1. 「意見の相違」を「人格の否定」から切り離す
日本では、反対意見を言うことが「人間関係を壊すこと」に直結しがちです。しかし、ローコンテクストな現場では違います。「コードへの指摘」は、ただの「デバッグ」です。
僕は意識的に主語を「I(私)」や「You(あなた)」から、**「The Code(コード)」や「The Data(データ)」**に変えました。
- × 「君の書き方はおかしい」
- ○ 「このコードは規約4.2に抵触している」
- × 「僕はこう思う」
- ○ 「プロファイラの結果はこのボトルネックを示している」
2. 「マニュアル」を最強の盾にする
海外の多国籍チームには、共通の「空気」なんて存在しません。あるのは、合意された「ドキュメント」だけです。僕は、PR(Pull Request)のレビューでも会議でも、必ず公式ドキュメントや規約を引用するようにしました。
「なんとなく良さそう」を捨て、Microsoft Learnのリンクを貼り付ける。これこそが、日本人エンジニアが得意とする「真面目さ」を、海外でのリスペクトに変える最強の武器になります。
3. 「阿吽の呼吸」を捨て、過剰に言語化する
ハイコンテクストな文化圏にいると、僕たちはつい文脈を省略してしまいます。しかし、背景も文化も異なる同僚にそれは通用しません。

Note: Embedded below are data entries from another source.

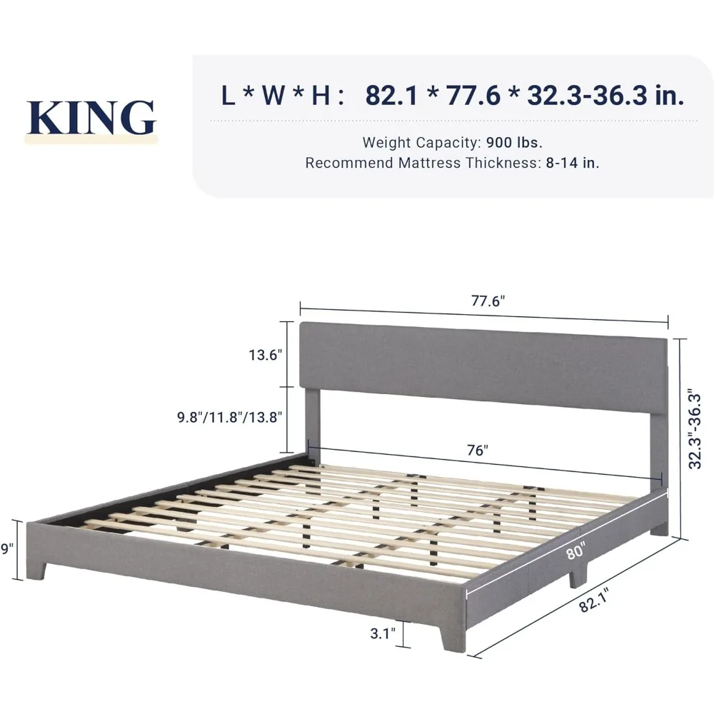 King Size Platform Bed Frame With Adjustable Upholstered Headboard Easy Assembly Heavy Duty Mattress Foundation Noise-Free Home
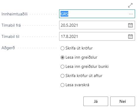 Velja þarf innheimtuaðila og tímabil. Greiðslur krafna eru nú lesnar inn og merkjast þá viðkomandi kröfur greiddar og greiðsluupphæð kemur í reitinn Upphæð greiðslu í kröfuyfirliti. Greiðslur bókast í fjárhag og jafnast á viðskiptamenn. Ef ekki hefur verið valin Bein bókun í uppsetningu verða til línur í greiðslubók (sett upp í stofngögnum) og hún er síðan prentuð og bókuð.
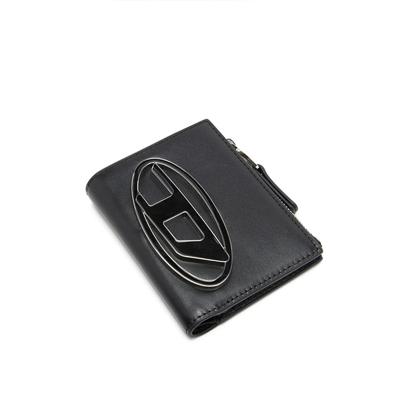 Women's wallet crafted from calf leather, embellished with a chunky Oval D plaque in enamelled metal. The compact, bi-fold design has a snap-fastening section for cards and notes and a quick-access coin pocket fastened with a zip.
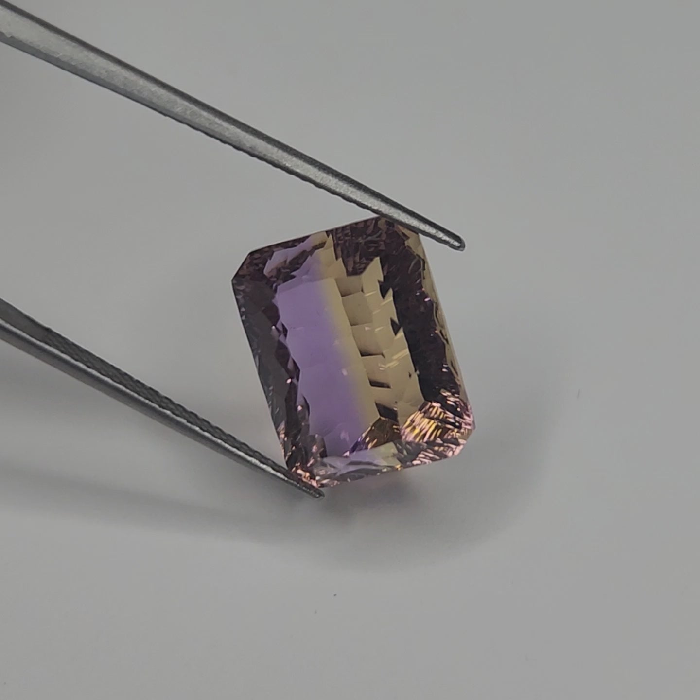 This explosive gem is Ametrine. Found almost exclusively in Bolivia, ametrine is a unique bi-colour combination of amethyst and citrine.
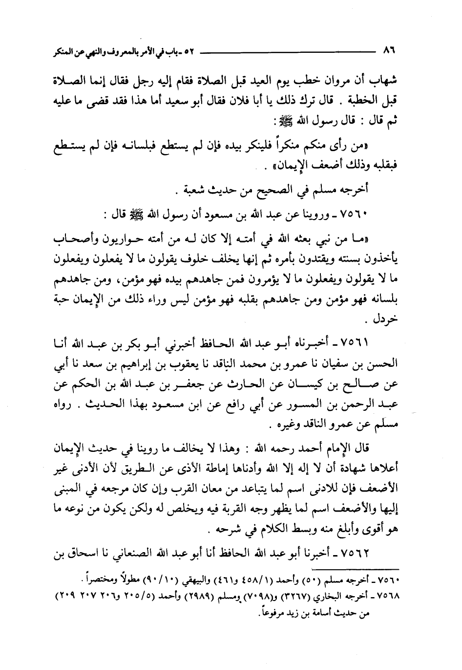7561 - أخبرناه أبو عبد الله الحافظ أخبرني أبو بكر بن عبد الله أنا الحسن بن سفيان نا عمرو بن محمد الناقد نا يعقوب بن إبراهيم بن سعد نا أبي عن صالح بن كيسان عن الحارث عن جعفر بن عبد الله بن الحكم عن عبد الرحمن بن المسور عن أبي رافع عن ابن مسعود بهذا الحديث رواه مسلم عن عمرو الناقد و غيره : قال الإمام أحمد رحمه الله : و هذا لا يخالف ما روينا في حديث الإيمان أعلاها شهادة أن لا إله إلا الله و أدناها إماطة الأذى عن الطريق لأن الأدنى غير الأضعف فإن للأدنى اسم لم يتباعد من معان القرب و إن كان مرجعه في المبنى إليها و الأضعف اسم لما يظهر وجه القربة فيه و يخلص له و لكن يكون من نوعه ما هو أقوى و أبلغ منه و بسط الكلام في شرحه
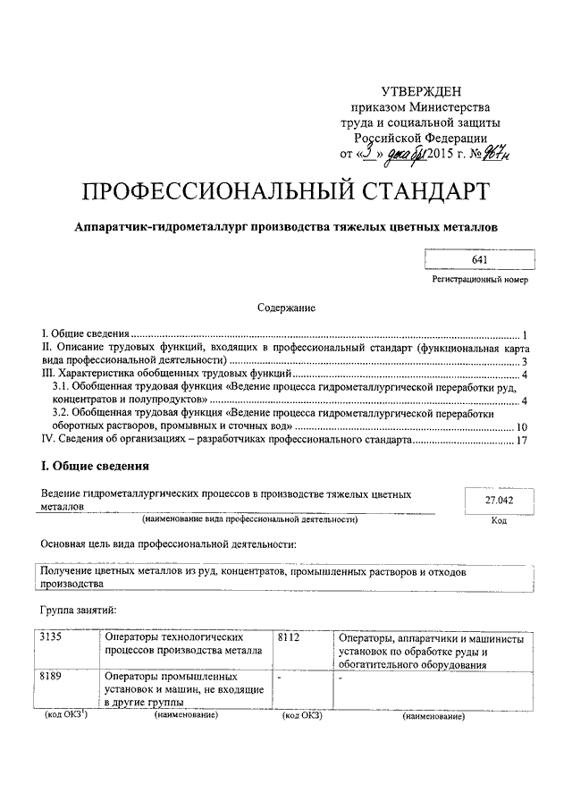 "ОБ УТВЕРЖДЕНИИ ПРОФЕССИОНАЛЬНОГО СТАНДАРТА "АППАРАТЧИК - ГИДРОМЕТАЛЛУРГ ПРОИЗВОДСТВА ТЯЖЕЛЫХ ЦВЕТНЫХ МЕТАЛЛОВ"
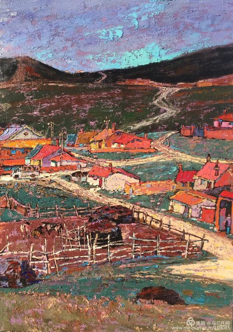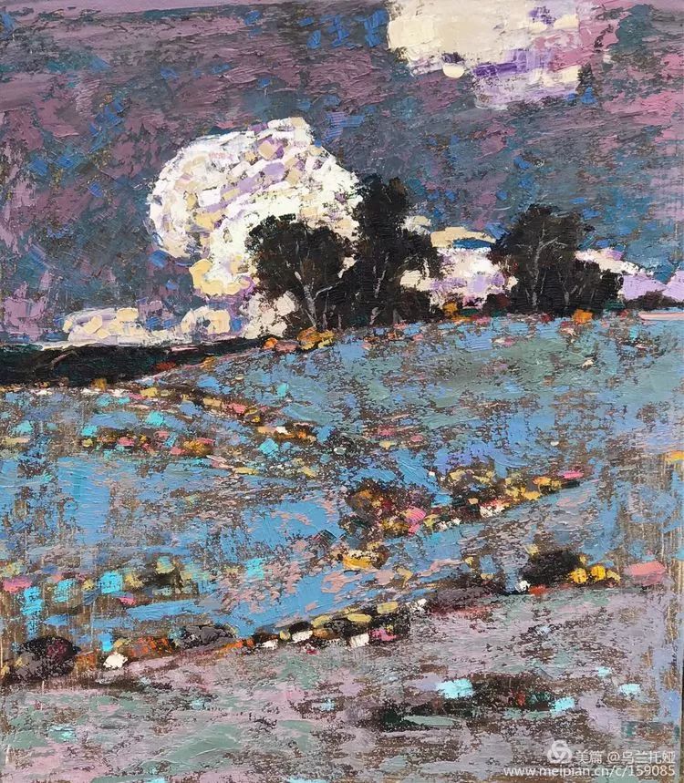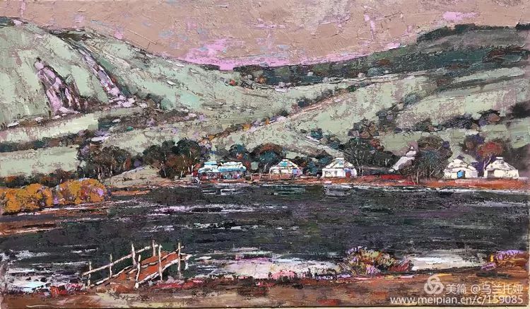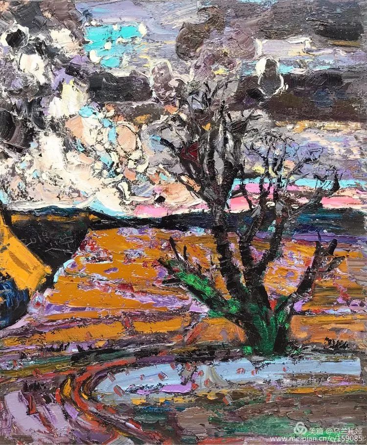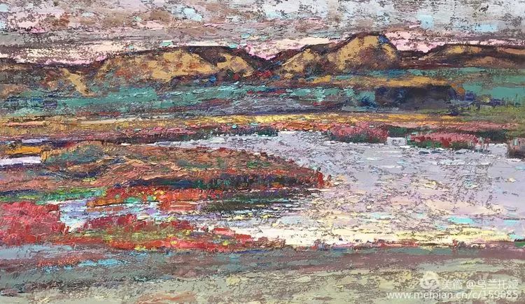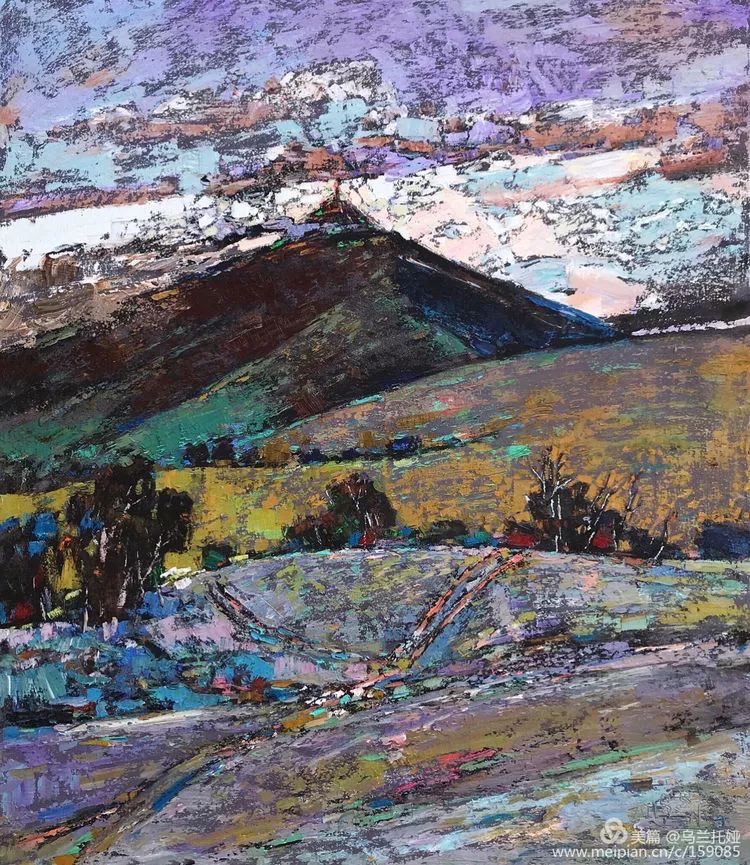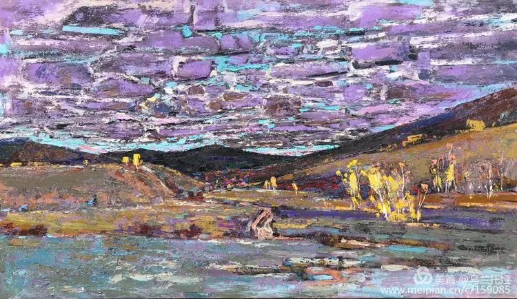 《哈根淖尔》90x130cm 他以粗狂而细腻的笔触、丰富而祥和的色彩,表达着对大自然的深切关爱。 旷达而深厚的蒙古高原,绵延起伏而亘古的大漠,风沙漫走而荒凉的草原。春夏秋冬四季更替,他的画总是那样宁静、孤寂、深邃、辽远,给人一种神圣而庄严的感觉。
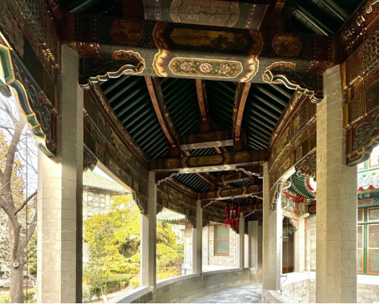 百年间,无数大家也曾这样从院落中经过,一来一往,就奉献了一生。行走在九号院内,随处可见的中西合璧建筑令人称奇,但最值得一提的,莫过于3号楼东西两侧弧形廊内至今保留着建筑初建时期的彩画,而这背后还有一个鲜为人知的故事。

「AをBに直しました。理由はCのリスクを避けるためで、これは先週の会議での決定事項に基づいています」
ここまで書くのは日本では「しつこい」と思われるかもしれませんが、海外ではこれが「透明性」であり「誠実さ」です。沈黙は「同意」ではなく、単なる「情報の欠如」として扱われるのです。
結びに:ハイブリッドな「グローバル・エンジニア」へ
あれから数年。今でも僕はルーカスやハンスと同じチームで働いています。ルーカスのコードに問題があれば、僕は今なら迷わずその場で指摘します。あの時の「嘘の調和」よりも、今の「健全な衝突」の方が、よっぽどチームの絆は強いと断言できます。
一方で、僕は日本人としての「ハイコンテクスト」な感性を完全に捨てたわけではありません。チームメンバーが落ち込んでいる時、その「空気」を察してそっとサポートに回る。それは、ローコンテクストな彼らには真似できない、僕だけの付加価値になっています。
技術的な議論では徹底的に「ロー(論理)」で攻め、人間関係の機微では「ハイ(共感)」に振る舞う。
このスイッチの切り替えができるようになった時、僕は初めて海外でエンジニアとして一本立ちできた気がしました。もし、あなたがこれから海外に出ようとしているなら、どうか一回だけ「空気を読む」のをオフにしてみてください。そのヒビが入った鏡の向こう側には、本当の信頼関係が待っています。
僕たちは、調和を守るためにエンジニアになったんじゃない。最高にクールで、安定したシステムを作るためにここにいる。その原点に立ち返った時、あなたのエンジニア人生はもっと自由で、もっと面白いものになるはずです。